Wraz ze zmniejszaniem liczby placówek maleje również stan zatrudnienia w bankach. Ale instytucje te likwidują nie tylko oddziały obsługujące klientów bezpośrednio. Getin Bank może zwolnić do 150 pracowników we Wrocławiu. Zamyka tam centrum operacji bankowych, a zadania realizowane przez tę jednostkę przenosi do oddziałów w Jastrzębiu-Zdroju i Warszawie. Pracownikom proponuje migrację za obecną pracą lub wsparcie przy znalezieniu nowej.

Ale spadek zatrudnienia to nie tylko zwolnienia. Często bowiem banki nie przyjmują nowych pracowników na miejsce osób odchodzących na emeryturę, a ich etaty likwidują.

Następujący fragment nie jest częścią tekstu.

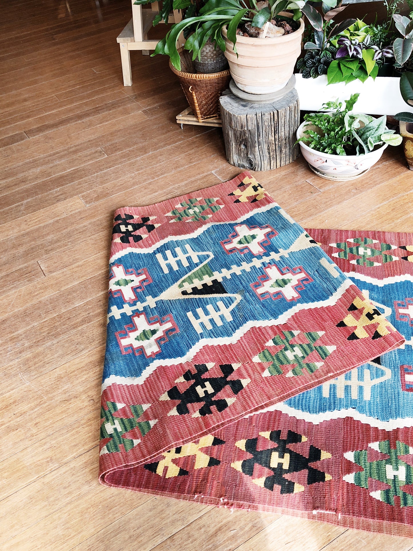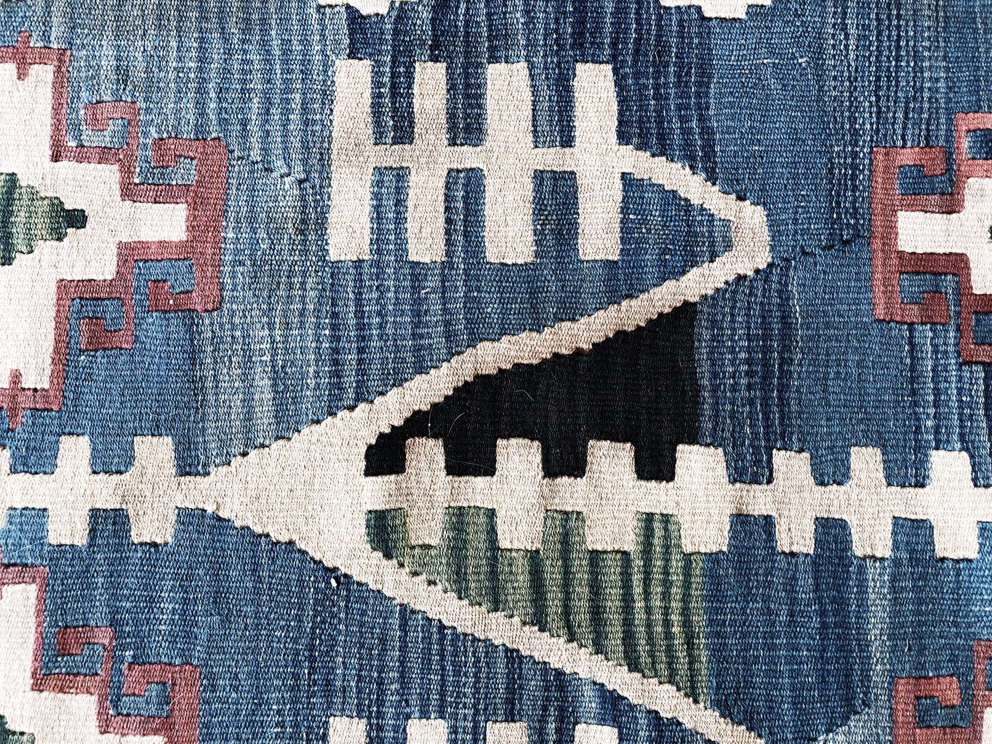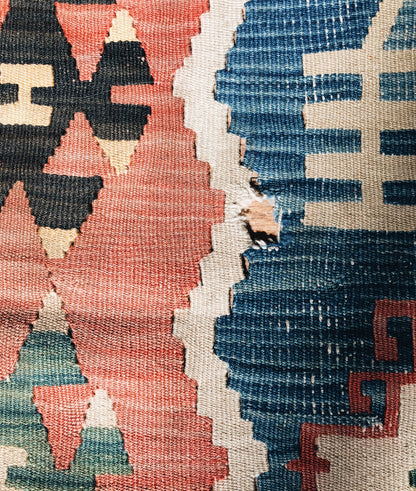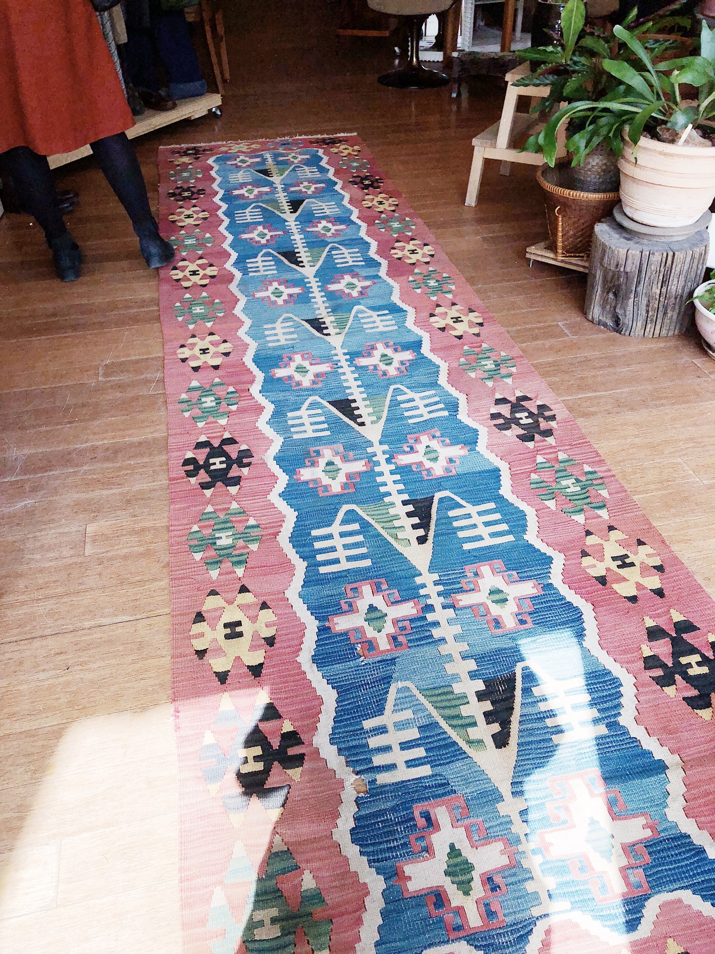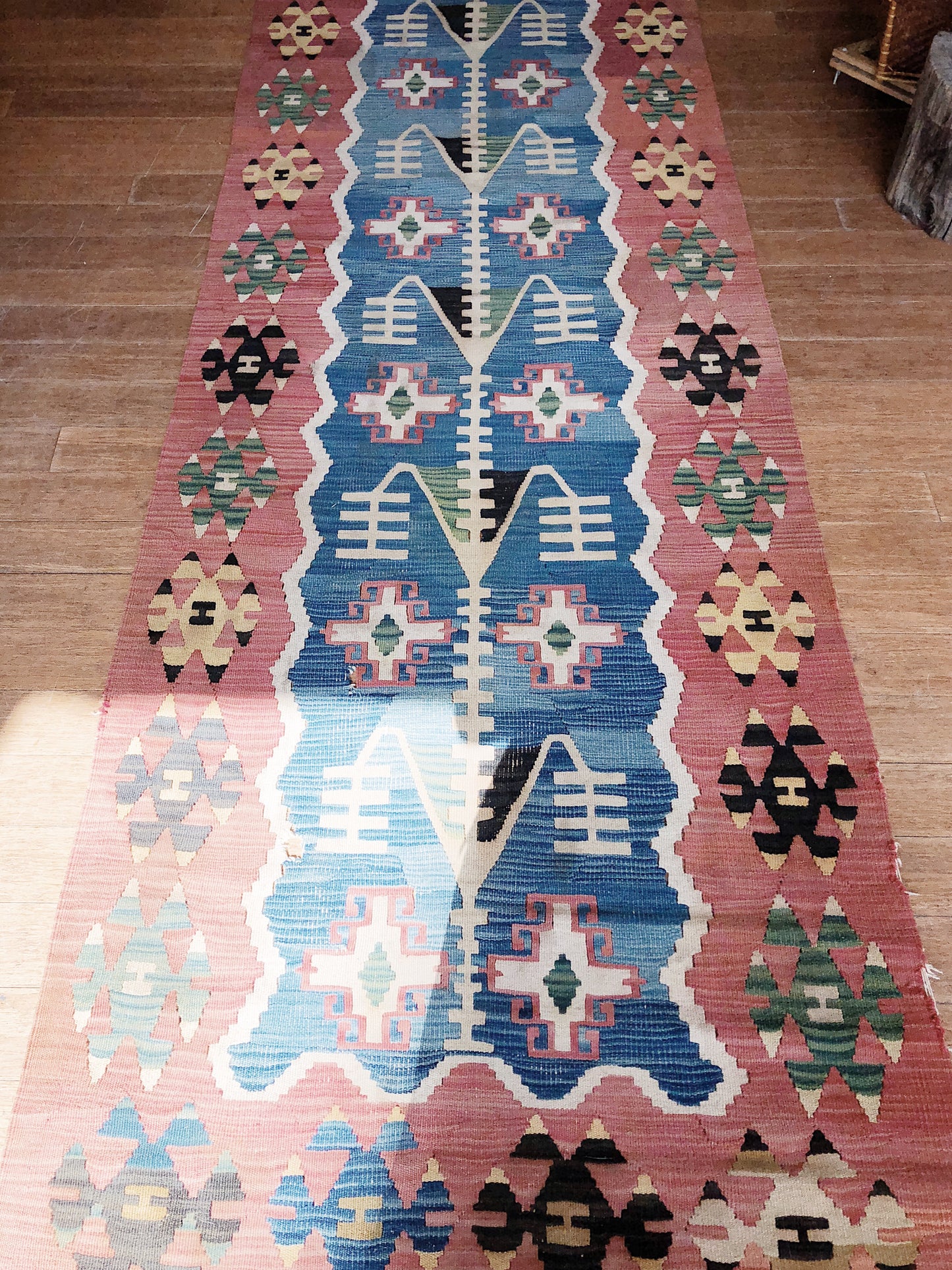 An unusually long Kilim runner in nice desert colors. One side is a bit more saturated, and the side shown a little faded, which we love. Two quarter sized seam splits and areas of age spotting. But honestly nothing detracts from this worn in beauty. No odors

Zatrudnienie w bankowości i liczba placówek spadły do poziomu z 2007 r., czyli sprzed tzw. hipotecznego boomu. Banki, szukając oszczędności, likwidują mniej rentowne placówki, a klientów zachęcają do korzystania z bankowości elektronicznej. Z raportów PRnews.pl wynika, że z bankowości internetowej aktywnie korzysta 15 mln, a z bankowości mobilnej 9 mln osób.